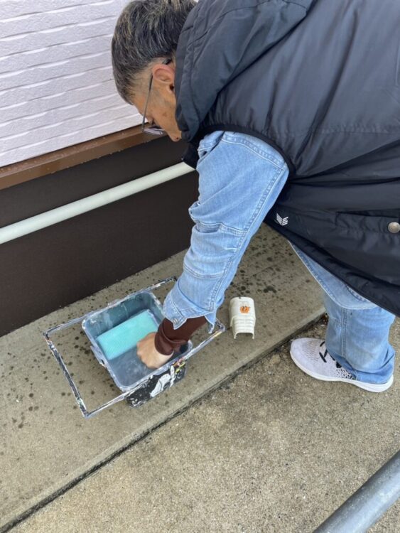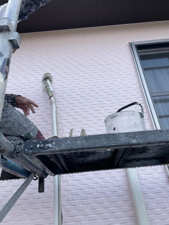 外壁を塗る時、弊社ではこんな風にスリムダクトなど外せるものはすべて外して塗装します👍
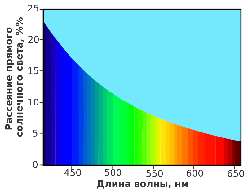 На помощь приходит физика. Как известно, солнечный свет состоит из всех цветов радуги. В атмосфере лучи солнца попадают на молекулы воздуха, а также мельчайшие капли воды, льдинки и пылинки размером гораздо меньше микрона. Эти неоднородности среды изменяют направление распространения световых волн, и свет рассеивается во всех направлениях. Такое явление называется рассеянием Рэлея.
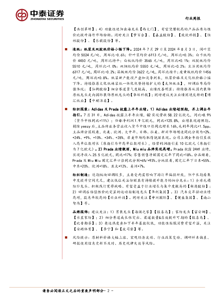 中泰证券:轻工制造及纺织服装行业周报:促消费政策频出家居需求有望改善,Adidas、Prada业绩靓丽.pdf

WORK ITEM: Only the lines from the one with "На помощь приходит" through the end of the listing should be transcribed, exactly and without pictures.

ANSWER TO THIS TASK:
 На помощь приходит физика. Как известно, солнечный свет состоит из всех цветов радуги. В атмосфере лучи солнца попадают на молекулы воздуха, а также мельчайшие капли воды, льдинки и пылинки размером гораздо меньше микрона. Эти неоднородности среды изменяют направление распространения световых волн, и свет рассеивается во всех направлениях. Такое явление называется рассеянием Рэлея.
 中泰证券:轻工制造及纺织服装行业周报:促消费政策频出家居需求有望改善,Adidas、Prada业绩靓丽.pdf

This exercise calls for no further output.